*Data supplied*.
..............................

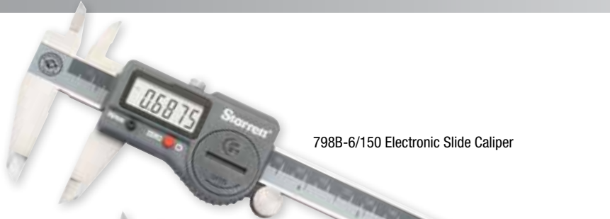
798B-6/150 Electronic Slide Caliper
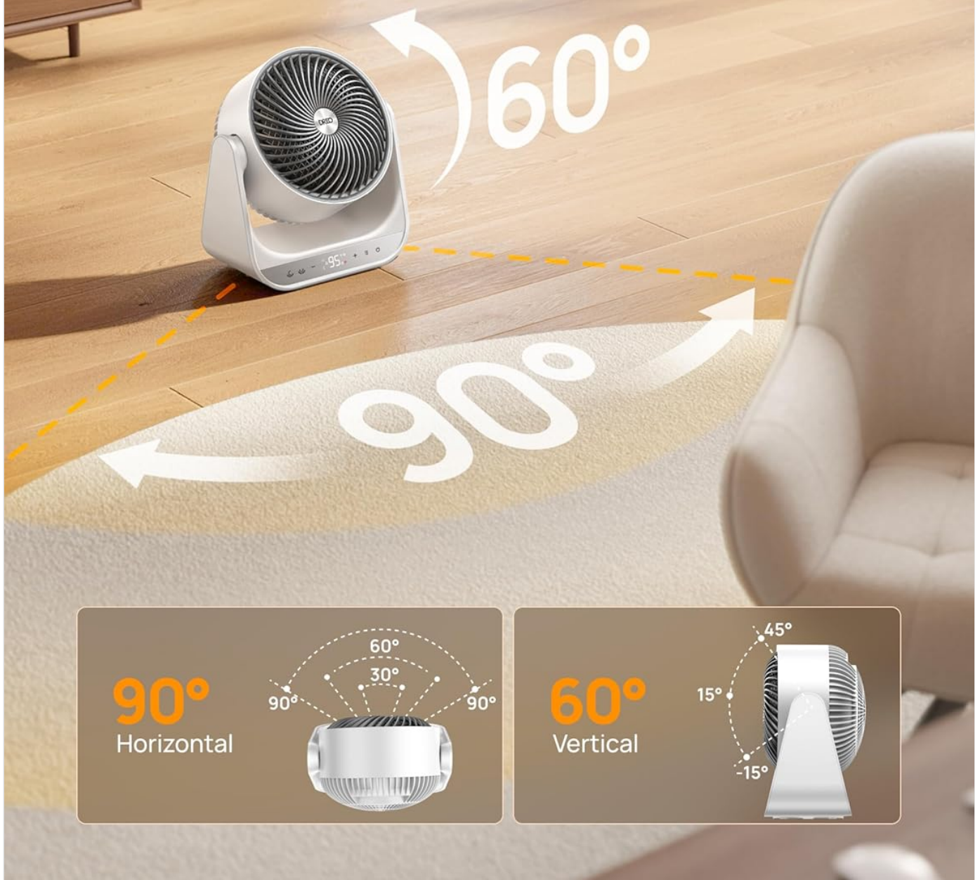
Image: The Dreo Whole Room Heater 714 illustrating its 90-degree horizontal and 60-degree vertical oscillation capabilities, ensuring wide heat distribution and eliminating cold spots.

..............................

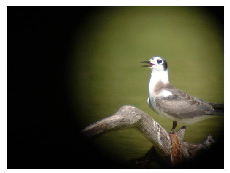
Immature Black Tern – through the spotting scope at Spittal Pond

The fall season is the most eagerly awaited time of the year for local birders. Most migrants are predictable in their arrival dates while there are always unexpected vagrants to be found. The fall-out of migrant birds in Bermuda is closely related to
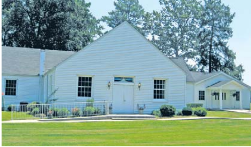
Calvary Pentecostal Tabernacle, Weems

..............................

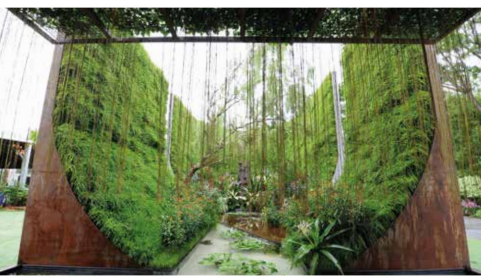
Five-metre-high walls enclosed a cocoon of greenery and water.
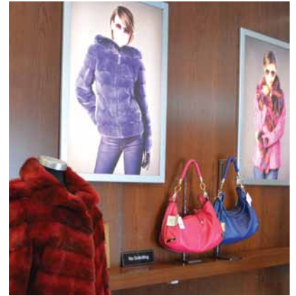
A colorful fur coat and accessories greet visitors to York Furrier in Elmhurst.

..............................

*What the exercise asks*.
Would you output the lines above from the line holding "798B-6/150 Electronic Slide Caliper" up to and including the line holding "Image: The Dreo", exactly and only those, with no pictures?

*Problem solution*.
798B-6/150 Electronic Slide Caliper
Image: The Dreo Whole Room Heater 714 illustrating its 90-degree horizontal and 60-degree vertical oscillation capabilities, ensuring wide heat distribution and eliminating cold spots.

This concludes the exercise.